At appendix 5, I show how I have calculated the Spearman’s Rank value comparing time spent watching TV with IQ. The Spearman’s rank calculation of 0.05348 shows an extremely weak positive correlation. Although I predicted a positive correlation, the weakness of the Spearman’s Rank value suggests that there is almost no correlation at all between the two sets of data.
CONCLUSION
The results suggest a weak negative correlation in the data comparing time spent watching TV with weight i.e. that those pupils who spend more time watching TV weigh less. Although weak, the correlation is significantly stronger than the positive correlation found in the data comparing time spent watching TV with IQ. I conclude that there is no real correlation to speak of between IQ and time spent watching TV, and only a weak correlation (negative) between Weight and time spent watching TV.
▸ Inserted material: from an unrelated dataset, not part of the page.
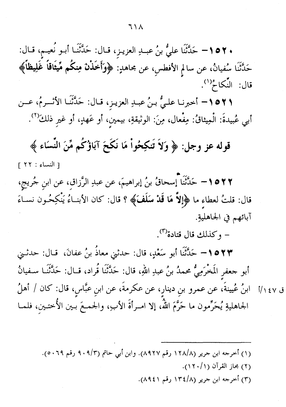 1520 - حَدَّثَنَا عَلِيُّ بْنُ عَبْدِ الْعَزِيزِ، قَالَ: حَدَّثَنَا أَبُو نعيم، قَالَ: حَدَّثَنَا سُفْيَانُ، عَنْ سالم الأفطس، عَنْ مجاهد " {وَأَخَذْنَ مِنْكُمْ مِيثَاقًا غَلِيظًا} قَالَ النكاح "

It must be remembered that these results have been drawn from a sample only. More conclusive results are likely to be obtained from a larger collection of data than the 50 in my sample.
I am surprised by my finding of a negative correlation in the TV v Weight comparison. Possible explanations for such a correlation, if it is genuine (ignoring factors such as dirty data and limited sample), may include the fact that there is a lot of sport on television and it is possible that the more athletic pupils watch it.
However, my investigations into both hypotheses were limited and always unlikely to have proved a link between the two pieces of data in each case, and even less likely, a direct causal relation. For instance, I did not take into account external factors which could have affected or improved my results.
External factors which I could have taken into account to improve both my investigations include factors like age, height, gender, method of travel to school and programmes watched. Most of these factors were available to me in data form on the secondary data supplied to me. I would have to have done further primary investigation (through e.g. questionnaires) into a breakdown of types of programme watched, if I wanted to discover further possible explanations for any correlations found. A more conclusive investigation is likely to result if this additional material is used and taken into account, which may support a direct causal relationship.